I currently look at it as a time to spend with my family and relatives with the presents being a bonus. I don't pay much attention to the commercalization of the holiday (I basically ignore it in view of what the holiday means to me and sticking with my own view).

comment_4175900

I'm not huge on the holidays (I don't even remember what I did for last Christmas) but I figure now would be the time to start making some of my own X-Mas traditions.  I live 3 hours away from my parents, I'm divorced and my kids live with my ex.  Thinking of those two things is enough to make a person fuckin' suicidal during a time when it seems everyone else is spending time with loved ones and waking up on Christmas morning, watching their kids open gifts.  I'll be making plans to keep my mind off of those things but I'll be damned if I can tell you what they'll be.
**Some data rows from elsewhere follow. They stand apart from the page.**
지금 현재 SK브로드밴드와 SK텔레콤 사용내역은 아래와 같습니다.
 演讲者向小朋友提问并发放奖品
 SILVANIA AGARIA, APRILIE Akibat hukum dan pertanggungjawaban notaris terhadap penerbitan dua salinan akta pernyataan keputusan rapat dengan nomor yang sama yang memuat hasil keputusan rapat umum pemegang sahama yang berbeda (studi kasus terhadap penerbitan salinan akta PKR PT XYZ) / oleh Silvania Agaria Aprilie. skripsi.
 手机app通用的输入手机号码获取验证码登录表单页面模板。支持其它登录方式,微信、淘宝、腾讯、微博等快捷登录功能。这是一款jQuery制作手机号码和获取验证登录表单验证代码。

Damn, dude. You may have mentioned that before here, but this is the first time I've read this, and when THIS time of year is the first time to read something like that, it really hits home.

 

Hope you're coping okay with things, CJ. What you've gone through is something I don't wish on anyone, and I'm amazed at how open you are about it, especially with regards to your kids. You're a stand-up guy, and I hope things are getting better for you since the divorce happened.

comment_4176357

As far as I'm concerned, if I were a good looking, intellingent single guy on Christmas day I'd be having some hot chick opening up MY package. That's what's up.

 

Okay, so it's a poor attempt at humor, but it's true. It's prolly what CJ'll be doin' anyway.

comment_4176592

I'm not huge on the holidays (I don't even remember what I did for last Christmas) but I figure now would be the time to start making some of my own X-Mas traditions.  I live 3 hours away from my parents, I'm divorced and my kids live with my ex.  Thinking of those two things is enough to make a person fuckin' suicidal during a time when it seems everyone else is spending time with loved ones and waking up on Christmas morning, watching their kids open gifts.  I'll be making plans to keep my mind off of those things but I'll be damned if I can tell you what they'll be.
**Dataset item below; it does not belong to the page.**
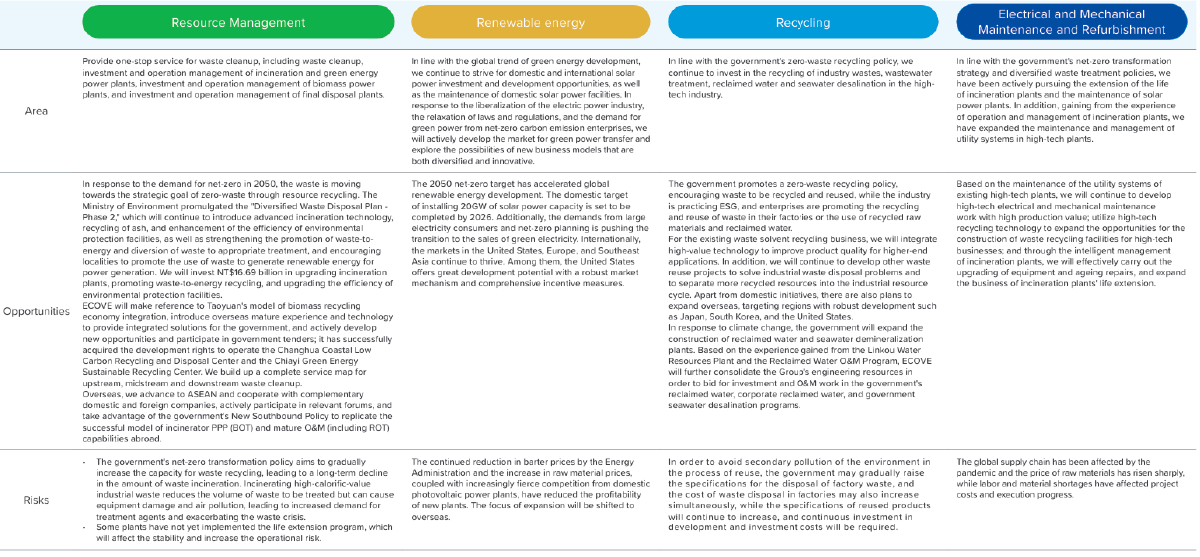 n 2024, ECOVE continues to integrate SDGs, deepens the domestic market, expands overseas presence, and strives for more project collaboration opportunities. Additionally, we respond to the development trend towards a circular economy model in the market by actively expanding operations in waste resource utilization to enhance resource cycling efficiency. Leveraging our core capabilities and existing business expansion, we will continue to deepen our presence in the areas of "resource management," "recycling," "renewable energy," and "electrical and mechanical maintenance and refurbishment," showcasing Taiwan's technical expertise and strength in the resource cycling industry to the world.

Hit me up, big man. We'll have Sloppy Joes, baked beans and a BATTLE! I'll supply the monkey.
comment_4180886

Thanks Marty, Sun and Alex.

 

I didn't mean to make that sound as nearly morose as it came off. Trust me, I'm okay. This is my second Christmas "alone" as it were and while last year's was different, it wasn't super hard. This one will be even less. I just wish I had some actual activities planned as opposed to playing everything by ear. I had resigned myself to a life full of "normal" Christmases at one time and now that that particular plan is out the window, I'm not sure what a guy in my shoes is supposed to do.

comment_4181663

I'm not huge on the holidays (I don't even remember what I did for last Christmas) but I figure now would be the time to start making some of my own X-Mas traditions.  I live 3 hours away from my parents, I'm divorced and my kids live with my ex.  Thinking of those two things is enough to make a person fuckin' suicidal during a time when it seems everyone else is spending time with loved ones and waking up on Christmas morning, watching their kids open gifts.  I'll be making plans to keep my mind off of those things but I'll be damned if I can tell you what they'll be.

Sorry to hear that CJ.

 

On the plus side, you don't have to try plan things so your family don't end up having huge arguments all of Christmas and Boxing Day. I'm not even seeing my ma and bro on Christmas Day and I am going with my girlfriend over to my best bud's house to get away from the annual craziness/disputes that occur round my way.

comment_4183608

NMB X-Mas Party!

 

Booze! Strippers! Pr0n! And then the party starts!

I guess I'm expected to bring the pr0n then? :D Just kidding, at any party I'd be the first to bring some 'cause I've got so much of it, after all.